1 Sydney School of Public Health, University of Sydney, Sydney, NSW, Australia. 2 Centre for Kidney Research, The Children's Hospital at Westmead, Westmead, NSW, Australia. 3 Centre for Transplant and Renal Research, Westmead Hospital, NSW, Westmead, Australia. 4 Department of Nephrology, Charité-Universitätsmedizin, Berlin, Germany. 5 Department for Psychosomatic Medicine, Charité-Universitätsmedizin, Berlin, Germany. 6 Address correspondence to: Allison Tong, Ph.D., Centre for Kidney Research, The Children's Hospital at Westmead, Westmead NSW 2145, Australia.
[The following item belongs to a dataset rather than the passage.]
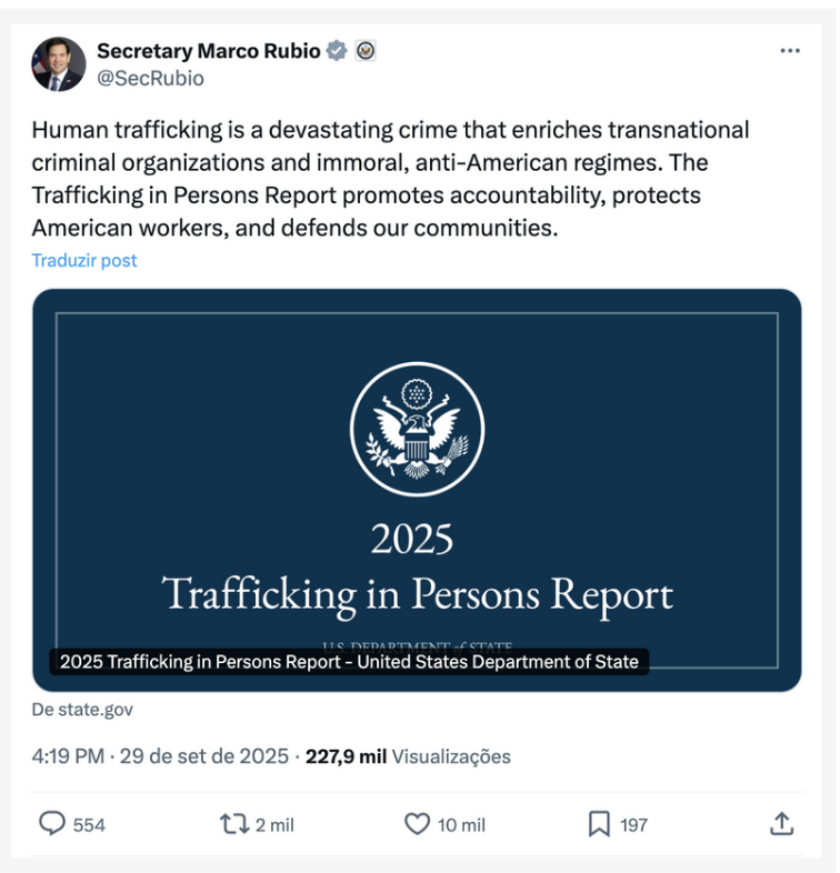 Em publicação no X, o secretário de Estado dos EUA, Marco Rubio, declarou: “O tráfico humano é um crime horrível e devastador que também enriquece organizações criminosas transnacionais e regimes imorais e antiamericanos”.

Transplantation. 2014 Oct 15;98(7):682-91. doi: 10.1097/TP.0000000000000336.
We aimed to describe nephrologists' attitudes to patients' access to kidney transplantation. Studies that assessed nephrologists' perspectives toward patient referral, screening, and eligibility for kidney transplantation were synthesized. Twenty-four studies (n≥4695) were included. Patients with comorbidities, were nonadherent, of older age, ethnic minorities, or low socioeconomic status were less likely to be recommended. Six themes underpinned nephrologists' perspectives: prioritizing individual benefit and safety, maximizing efficiency, patient accountability, justifying gains, protecting unit outcomes, and reluctance to raise patients' expectations. Evidence-based guidelines may support systematic and equitable decision-making. Interventions for high-risk or disadvantaged patient populations could reduce disparities in access to transplantation.
我们旨在描述肾病学家对患者接受肾移植机会的态度。综合评估了肾病学家对患者转介、筛选和肾移植资格的看法的研究。共纳入 24 项研究(n≥4695)。患有合并症、不依从、年龄较大、少数民族或社会经济地位较低的患者,被推荐的可能性较小。六个主题体现了肾病学家的观点:优先考虑个人利益和安全、最大化效率、患者责任、证明收益、保护单位成果以及不愿提高患者的期望。循证指南可能支持系统和公平的决策制定。针对高风险或弱势群体的干预措施可以减少移植机会的差异。